Core (trace the code)

  1. Walk the three branches of CUDAGraphWrapper.__call__ (cuda_graph.py:233): name the trigger for eager / capture / replay and the one line that is the win.
  2. FULL_AND_PIECEWISE is encoded as the tuple (FULL, PIECEWISE). Using decode_mode / mixed_mode (compilation.py:65), state which concrete mode runs for a pure-decode batch vs a mixed batch, and why those choices are safe.
  3. Why is attention the op that forces piecewise capture? What about it doesn't fit a frozen recording? (Hint: Phase 02/03 metadata.)

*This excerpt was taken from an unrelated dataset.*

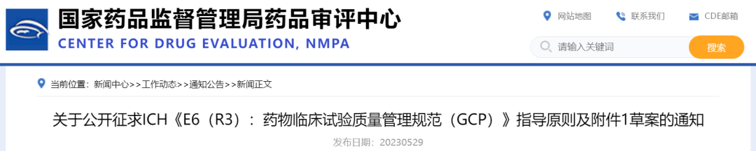 5月29日,CDE发布通知,公开征求ICH《E6(R3):药物临床试验质量管理规范(GCP)》指导原则及附件1草案。
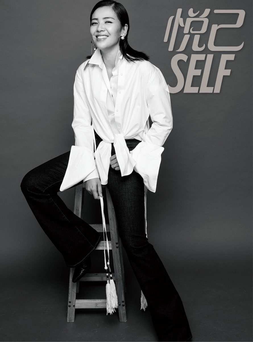 或以独特剪裁的白色衬衫搭配阔腿裤,露出灿烂微笑;或以白色修身西服点缀黑色丝带,冷峻袭人。在经典黑白暗色系背景中,刘涛的爽朗笑容,更加明媚动人。

Build (extend your code / mini_vllm)

  1. Add capture-size padding to GraphRunner (stretch in 02-mini-build.md): round the batch dim up to the nearest of [1,2,4,8] before keying. Show batches 5 and 7 both reuse the size-8 graph, and count distinct captures across batches 1..8 with vs without padding.
  2. Extend PiecewiseGraphRunner to count launches (capturable segments replay as 1 each; eager segments pay per-op). Compare total launches of FULL (1) vs PIECEWISE (segments+eager) vs eager (all ops) for a 10-op model split at op 5.
  3. Write a crossover table (from lab-02) for num_ops ∈ {1, 4, 32, 300} and capture_cost_ops ∈ {num_ops, 5×num_ops}. Explain the row for num_ops=1.

Design (staff-level)

  1. A serving box shows 30% GPU utilization at batch 1–2 and a profile full of gaps between tiny kernels. Walk your diagnosis and the first fix you'd try, and predict the batch size at which the fix stops mattering.
  2. You enable torch.compile (level VLLM_COMPILE) and startup time jumps from 10s to 90s. Explain where the time goes and how vLLM mitigates it across restarts (compilation.py caching). What do you trade if you drop to enforce_eager?
  3. A new attention backend you wrote breaks under FULL graphs but works in PIECEWISE. Explain the likely cause and which CUDAGraphMode you'd ship as the default while you investigate.
  4. Design a benchmark that isolates the CUDA-graph win from the torch.compile win (so you can attribute a speedup to the right layer). Which flags toggle each independently?

Self-grading

4–6 and 10–13 are interview-grade. Could you whiteboard each in 5 minutes and name the file? If not, re-read the matching deep-dive section, then drill INTERVIEW.md.